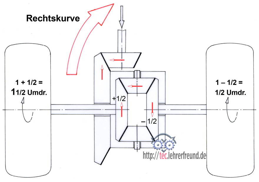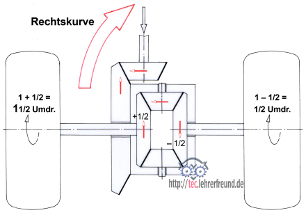 Rechtskurve: Das Tellerrad mache 1 Umdrehung, der linke Reifen drehe sich 1 1/2 Mal. 1 1/2 Umdrehungen = 1 Umdrehung + 1/2 Umdrehung. Dreht Links 1 Mal, dann dreht Rechts ebenfalls 1 Mal. Dreht man Links um 1/2 Umdrehung weiter (um die 1 1/2 Umdrehungen zu erhalten), macht Rechts 1/2 Umdrehung rückwärts; insgesamt macht Rechts also 1 Umdrehung minus 1/2 Umdrehung rückwärts = 1/2 Umdrehung vorwärts.
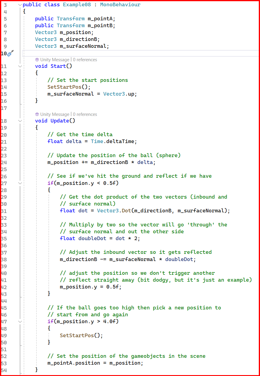 The code has been set up to make the ball bounce when it gets below 0.5f in the Y. This way, it makes it look like the ball has hit the surface although it’s actually just hitting a specific height before getting reflected.
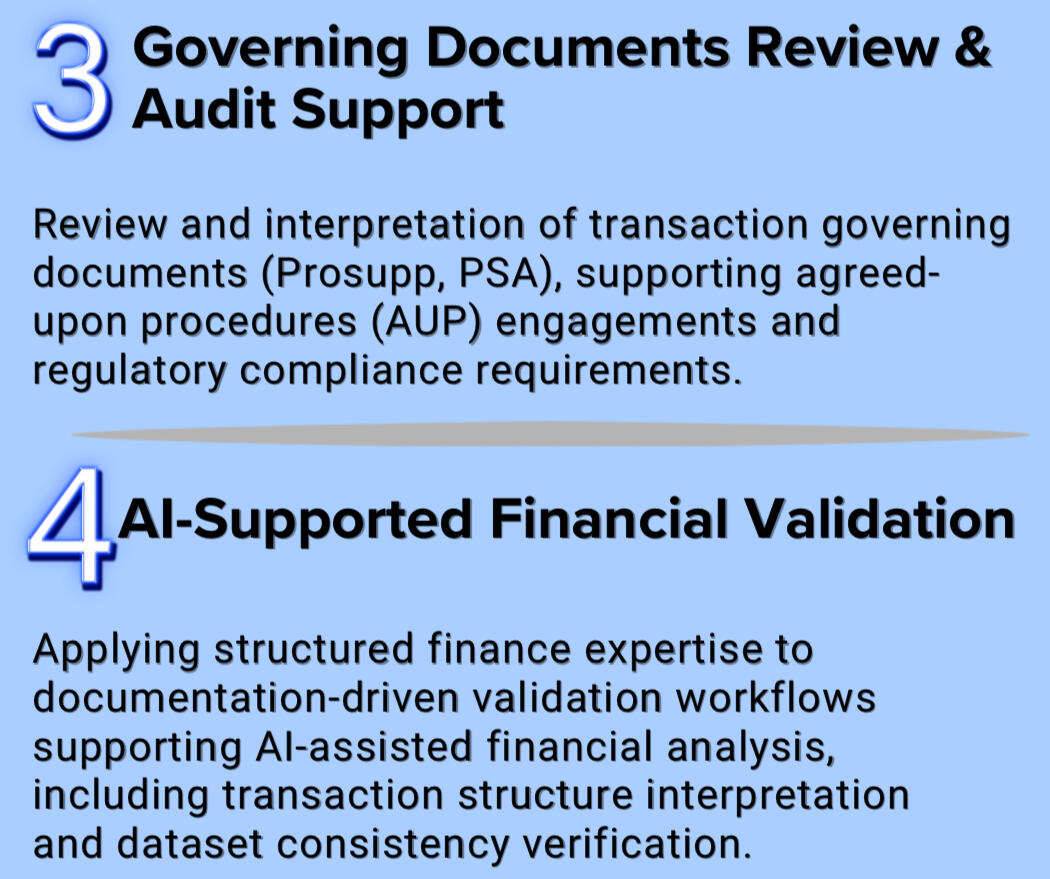 Expert in Finance LLC works alongside structuring, securitization counsel, trustees, and capital markets teams to provide documentation-driven analytics and execution support across the securitization lifecycle:• during issuance preparation and transaction execution
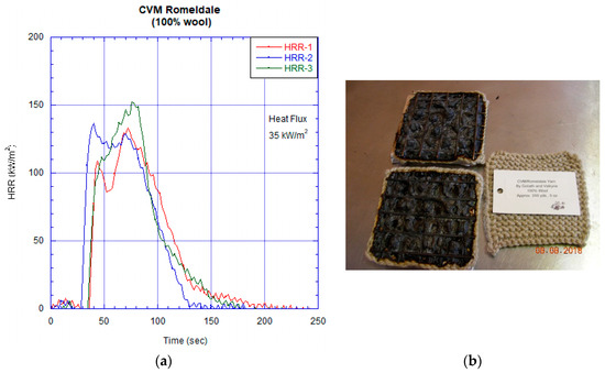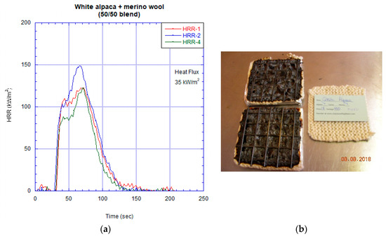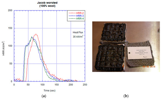 Cone calorimeter is a larger scale heat release test when compared to the MCC. Like the MCC, it measures the inherent heat release of materials, but as a function of sample thickness, geometries, and construction. It has successfully been used to study the heat release of textiles [19,20,21], but not hand-knit textiles. Cone calorimeter may observe some heat release differences as a function of knitted density, since each of the animal fibers knit up differently, especially those of slightly different weight (worsted vs. sport weight).
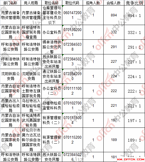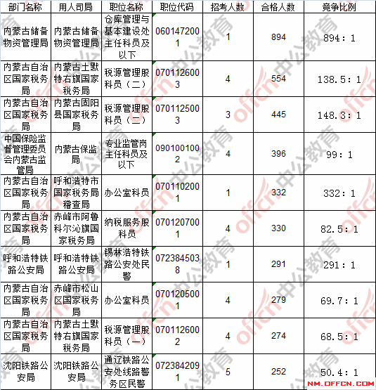 報(bào)名通過審核人數(shù)前十的職位主要集中在內(nèi)蒙古儲備物資管理局、內(nèi)蒙古固陽縣國家稅務(wù)局、內(nèi)蒙古土默特右旗國家稅務(wù)局等部門,具體信息如下:
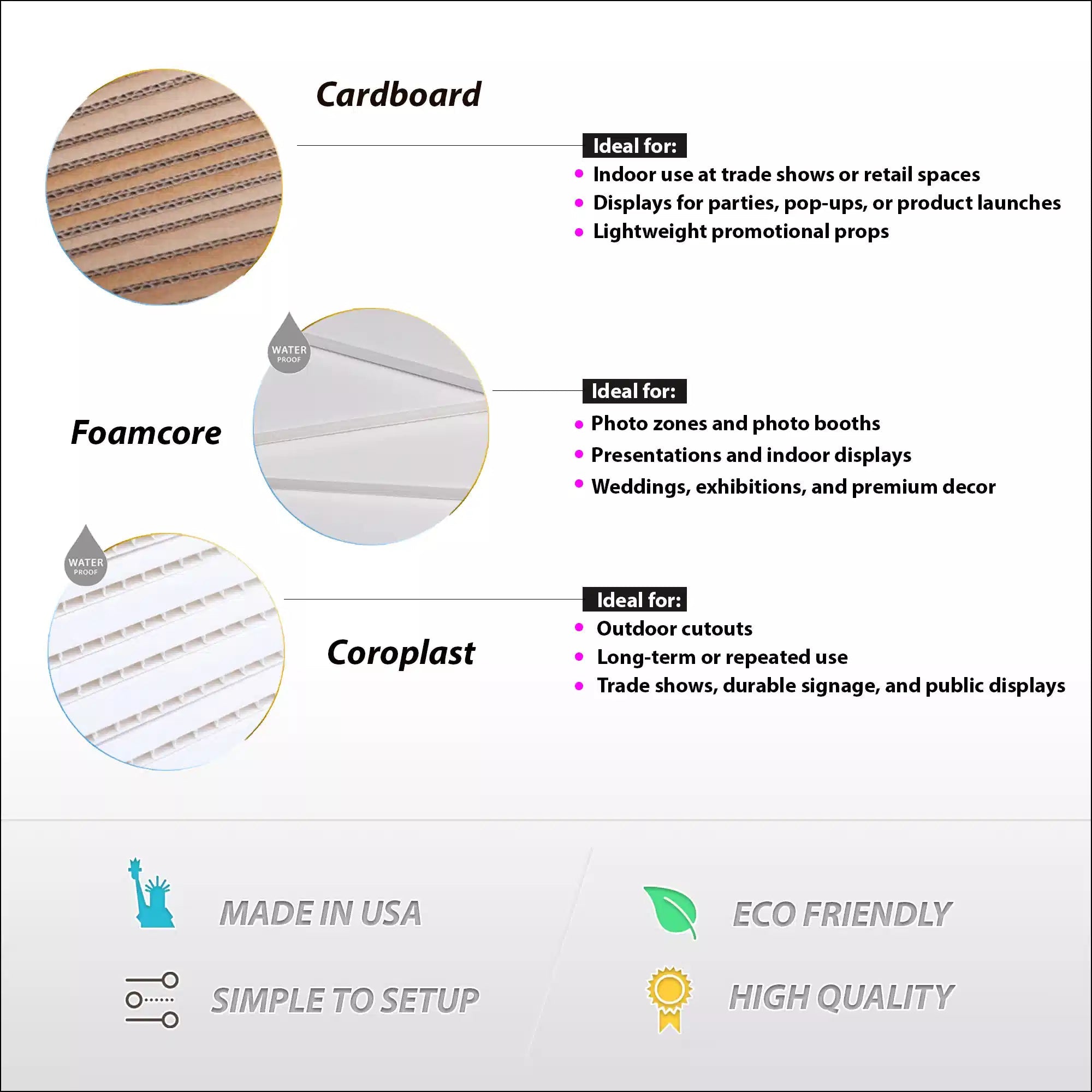 * Cardboard โ Sturdy and lightweight, ideal for most indoor events.โจ

» **Your objective**
A verbatim transcription of the listing is expected, with no pictures included.

» **Solution to this exercise**
 Rechtskurve: Das Tellerrad mache 1 Umdrehung, der linke Reifen drehe sich 1 1/2 Mal. 1 1/2 Umdrehungen = 1 Umdrehung + 1/2 Umdrehung. Dreht Links 1 Mal, dann dreht Rechts ebenfalls 1 Mal. Dreht man Links um 1/2 Umdrehung weiter (um die 1 1/2 Umdrehungen zu erhalten), macht Rechts 1/2 Umdrehung rückwärts; insgesamt macht Rechts also 1 Umdrehung minus 1/2 Umdrehung rückwärts = 1/2 Umdrehung vorwärts.
 The code has been set up to make the ball bounce when it gets below 0.5f in the Y. This way, it makes it look like the ball has hit the surface although it’s actually just hitting a specific height before getting reflected.
 Expert in Finance LLC works alongside structuring, securitization counsel, trustees, and capital markets teams to provide documentation-driven analytics and execution support across the securitization lifecycle:• during issuance preparation and transaction execution
 Cone calorimeter is a larger scale heat release test when compared to the MCC. Like the MCC, it measures the inherent heat release of materials, but as a function of sample thickness, geometries, and construction. It has successfully been used to study the heat release of textiles [19,20,21], but not hand-knit textiles. Cone calorimeter may observe some heat release differences as a function of knitted density, since each of the animal fibers knit up differently, especially those of slightly different weight (worsted vs. sport weight).
 報(bào)名通過審核人數(shù)前十的職位主要集中在內(nèi)蒙古儲備物資管理局、內(nèi)蒙古固陽縣國家稅務(wù)局、內(nèi)蒙古土默特右旗國家稅務(wù)局等部門,具體信息如下:
 * Cardboard โ Sturdy and lightweight, ideal for most indoor events.โจ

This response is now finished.